The working classes, on the other hand, were hit by both sides – already most exposed to the virus in factories and service industries, but also hit hardest by pandemic measures. One would think that the socialist core of the academic left would have engaged deeper with these contradictions. Instead, most ignored them and, as restrictions inevitably began easing, even began doubling down on their rhetoric with a puritanical zeal.
COVID-19 landed in an impoverished information ecology – especially in academic institutions – where increasingly all forms of information and arguments are vetted through ideological lines. In other words, arguments are measured against an always moving line of demarcation based on their suspected rootedness in simplistic political camps.
These cultural phenomena delegitimize the role of academic institutions in society and ‘science’ itself. That unprecedented mass-scale undemocratic and harmful regulations were implicitly and explicitly embraced by almost the entirety of the educated classes bears witness to this.

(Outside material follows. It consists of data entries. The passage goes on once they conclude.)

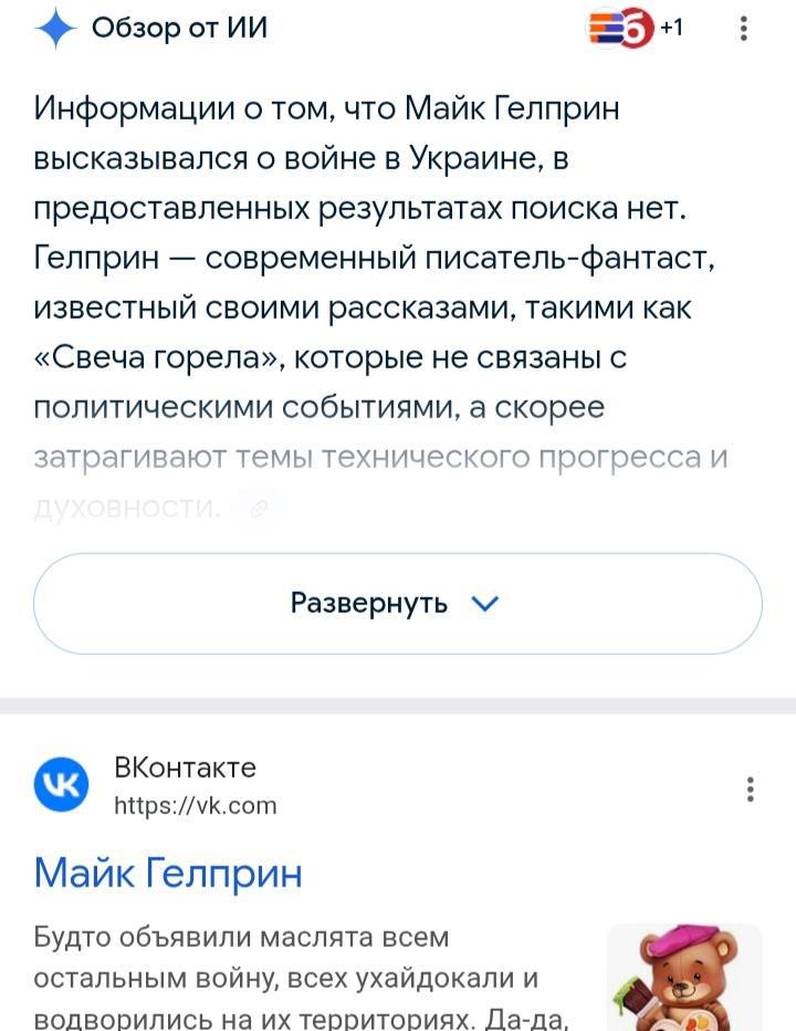 Честно, автор, уже после написания книжки, когда она пошла гулять по библиотекам всея Руси... - обеспокоился... а вдруг Майки таки трусливо не молчит... клевета ведь будет! И задним числом спросил у мистера Гугля насчет разных гельпринских мнений по животрепещущим мировым вопросам. Оказалось, что мистер Гугль солидарен с Ангеловым. Фуух.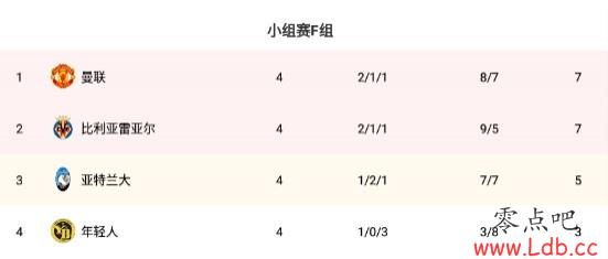 零点吧足球11月3日讯 欧冠小组赛F组第4轮,曼联2-2绝平亚特兰大,比利亚雷亚尔2-0伯尔尼年轻人。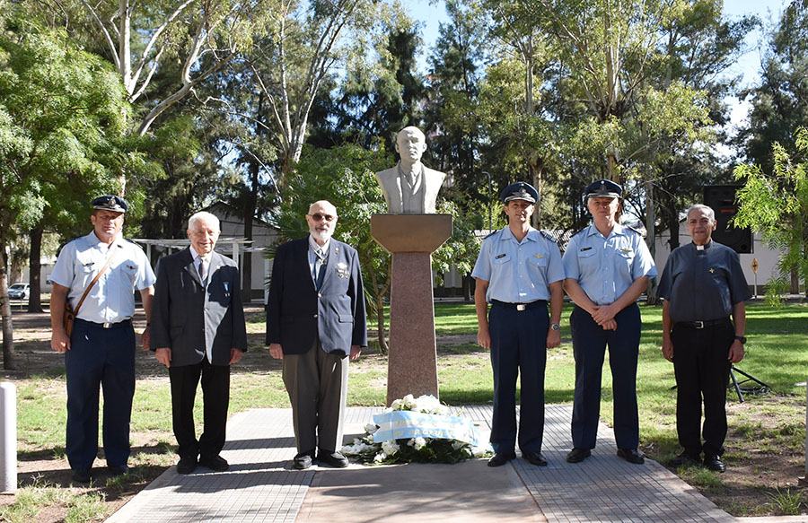 En la V Brigada Aérea, el jefe de Brigada, comodoro Mariano Sebastián Triulzi estuvo acompañado por representantes de entidades aeronáuticas de la provincia de San Luis y Villa Mercedes, autoridades del Instituto Nacional Newberiano – Delegación San Luis, directivos de las Escuelas Técnica N° 17 y Escuela Generativa Jorge Newbery y de veteranos de la Gesta de Malvinas, quienes honraron con su participación este sentido homenaje.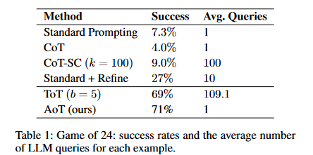 - Remarkably, AoT achieves its results with just a single query. Despite reducing the number of requests by more than a factor of 100, AoT still outperforms ToT in this task

Examining the fallout of this “odd alliance” amongst the professional and managerial classes, which includes academics in the social sciences and the humanities is imperative. This is so because the failure of the social sciences and humanities as disciplines to produce counter discourses to avert the aftermath of the maximalist COVID-19 consensus puts into question the critical role and the independence of the entire university system moving forward in the post-pandemic world.
Social scientists and humanities scholars, especially those protected by tenure track positions, have a responsibility to proactively critique any rapidly formed ‘elite’ consensus – even when such consensus is at least on the surface benevolent and undertaken as a humanitarian call for “protecting the vulnerable” and “saving lives.”
In the end, there is a long line of critiques of humanitarian discourses as it reproduces unwarranted class inequalities and other forms of privileges. The uniform alignment of academic disciplines with the COVID-19 regime needs to be interrogated as the whole purpose of disciplinary traditions is to offer a diversity of entry points, factors to consider, levels of analysis, and the historically informed unveiling of unintended consequences to any solution – again even if benevolent – to a problem facing humanity. This independence is essential in moments of crisis.
We need to ensure the space for authentic and unrestrained academic freedom, and that includes respectful engagement with dissenting ideas in educational institutions and the media. This is essential not just for the survival but the flourishing of these vital institutions and democracy itself.